■ **WHAT YOU SHOULD DO**: Every line in the listing below from the one with "الذي كان يتعرّض" through the one with "Der arbejdes stadig" is to be reproduced exactly, both ends included; leave out the rest.

■ **EXTRACTED RECORDS**:

++++++++++

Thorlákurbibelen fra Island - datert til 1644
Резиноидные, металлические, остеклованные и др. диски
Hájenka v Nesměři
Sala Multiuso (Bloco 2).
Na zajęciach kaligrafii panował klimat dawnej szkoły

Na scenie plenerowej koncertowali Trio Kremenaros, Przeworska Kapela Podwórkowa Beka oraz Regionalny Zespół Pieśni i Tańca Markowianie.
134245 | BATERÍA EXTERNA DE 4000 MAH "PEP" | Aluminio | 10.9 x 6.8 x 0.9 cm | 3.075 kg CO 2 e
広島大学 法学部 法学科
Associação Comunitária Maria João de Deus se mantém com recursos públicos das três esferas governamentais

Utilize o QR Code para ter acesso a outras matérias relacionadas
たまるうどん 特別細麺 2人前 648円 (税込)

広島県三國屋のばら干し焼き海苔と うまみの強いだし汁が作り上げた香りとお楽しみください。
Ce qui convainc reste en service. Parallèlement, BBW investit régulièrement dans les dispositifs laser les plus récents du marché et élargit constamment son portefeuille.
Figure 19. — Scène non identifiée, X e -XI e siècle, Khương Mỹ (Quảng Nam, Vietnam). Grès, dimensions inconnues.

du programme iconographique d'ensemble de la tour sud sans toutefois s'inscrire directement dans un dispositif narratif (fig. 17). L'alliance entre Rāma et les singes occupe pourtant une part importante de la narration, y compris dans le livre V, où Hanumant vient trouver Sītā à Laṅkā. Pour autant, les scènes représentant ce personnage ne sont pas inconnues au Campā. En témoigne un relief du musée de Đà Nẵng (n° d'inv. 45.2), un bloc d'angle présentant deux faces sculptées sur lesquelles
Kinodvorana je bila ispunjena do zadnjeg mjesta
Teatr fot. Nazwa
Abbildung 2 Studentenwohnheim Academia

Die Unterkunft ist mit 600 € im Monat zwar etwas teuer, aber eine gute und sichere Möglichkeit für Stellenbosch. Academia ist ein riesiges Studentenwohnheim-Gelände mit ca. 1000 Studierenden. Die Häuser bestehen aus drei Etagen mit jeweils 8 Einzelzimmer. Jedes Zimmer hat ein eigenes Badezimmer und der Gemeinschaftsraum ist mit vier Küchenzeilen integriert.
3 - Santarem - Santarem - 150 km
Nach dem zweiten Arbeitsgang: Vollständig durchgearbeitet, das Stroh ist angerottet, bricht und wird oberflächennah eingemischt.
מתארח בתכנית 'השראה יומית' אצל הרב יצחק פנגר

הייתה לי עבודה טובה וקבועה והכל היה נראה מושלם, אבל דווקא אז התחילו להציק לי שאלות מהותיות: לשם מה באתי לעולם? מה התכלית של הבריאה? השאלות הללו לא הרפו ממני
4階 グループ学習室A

++++++++++

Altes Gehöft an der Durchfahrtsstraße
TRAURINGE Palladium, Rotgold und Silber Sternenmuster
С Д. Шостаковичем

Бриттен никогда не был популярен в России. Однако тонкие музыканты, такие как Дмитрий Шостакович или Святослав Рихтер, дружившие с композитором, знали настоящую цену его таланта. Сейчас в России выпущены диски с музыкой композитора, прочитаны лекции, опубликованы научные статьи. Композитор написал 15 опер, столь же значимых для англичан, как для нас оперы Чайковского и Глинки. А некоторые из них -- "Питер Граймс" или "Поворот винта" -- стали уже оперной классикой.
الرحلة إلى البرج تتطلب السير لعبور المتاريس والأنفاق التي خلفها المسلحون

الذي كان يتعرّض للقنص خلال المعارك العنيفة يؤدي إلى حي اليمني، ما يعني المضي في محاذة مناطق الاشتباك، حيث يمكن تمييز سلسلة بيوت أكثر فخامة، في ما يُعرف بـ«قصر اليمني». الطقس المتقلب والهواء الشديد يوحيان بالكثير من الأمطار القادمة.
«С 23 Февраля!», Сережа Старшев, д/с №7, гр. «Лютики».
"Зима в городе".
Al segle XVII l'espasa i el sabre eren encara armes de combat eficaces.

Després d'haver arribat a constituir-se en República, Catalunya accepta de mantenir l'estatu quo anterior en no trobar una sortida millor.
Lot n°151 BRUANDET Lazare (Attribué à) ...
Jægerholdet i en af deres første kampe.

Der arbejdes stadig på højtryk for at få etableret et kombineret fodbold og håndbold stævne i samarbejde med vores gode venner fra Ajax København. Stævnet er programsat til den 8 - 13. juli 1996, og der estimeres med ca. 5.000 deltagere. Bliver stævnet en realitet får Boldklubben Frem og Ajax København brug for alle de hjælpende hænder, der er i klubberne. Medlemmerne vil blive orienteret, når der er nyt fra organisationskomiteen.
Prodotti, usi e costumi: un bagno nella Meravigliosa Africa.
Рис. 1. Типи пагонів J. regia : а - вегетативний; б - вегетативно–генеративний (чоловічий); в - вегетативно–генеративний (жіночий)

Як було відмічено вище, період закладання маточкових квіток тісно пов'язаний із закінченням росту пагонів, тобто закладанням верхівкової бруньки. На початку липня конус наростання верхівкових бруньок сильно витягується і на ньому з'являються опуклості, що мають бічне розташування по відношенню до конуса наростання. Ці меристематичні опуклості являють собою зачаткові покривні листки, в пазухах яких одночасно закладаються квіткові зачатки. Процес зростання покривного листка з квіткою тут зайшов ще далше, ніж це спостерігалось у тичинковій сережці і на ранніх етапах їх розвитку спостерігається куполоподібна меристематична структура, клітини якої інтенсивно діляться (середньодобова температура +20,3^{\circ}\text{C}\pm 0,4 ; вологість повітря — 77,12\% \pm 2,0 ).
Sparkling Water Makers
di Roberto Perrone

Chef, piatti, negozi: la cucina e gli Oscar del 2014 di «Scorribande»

++++++++++

■ **TASK RESPONSE**:
الذي كان يتعرّض للقنص خلال المعارك العنيفة يؤدي إلى حي اليمني، ما يعني المضي في محاذة مناطق الاشتباك، حيث يمكن تمييز سلسلة بيوت أكثر فخامة، في ما يُعرف بـ«قصر اليمني». الطقس المتقلب والهواء الشديد يوحيان بالكثير من الأمطار القادمة.
«С 23 Февраля!», Сережа Старшев, д/с №7, гр. «Лютики».
"Зима в городе".
Al segle XVII l'espasa i el sabre eren encara armes de combat eficaces.

Després d'haver arribat a constituir-se en República, Catalunya accepta de mantenir l'estatu quo anterior en no trobar una sortida millor.
Lot n°151 BRUANDET Lazare (Attribué à) ...
Jægerholdet i en af deres første kampe.

Der arbejdes stadig på højtryk for at få etableret et kombineret fodbold og håndbold stævne i samarbejde med vores gode venner fra Ajax København. Stævnet er programsat til den 8 - 13. juli 1996, og der estimeres med ca. 5.000 deltagere. Bliver stævnet en realitet får Boldklubben Frem og Ajax København brug for alle de hjælpende hænder, der er i klubberne. Medlemmerne vil blive orienteret, når der er nyt fra organisationskomiteen.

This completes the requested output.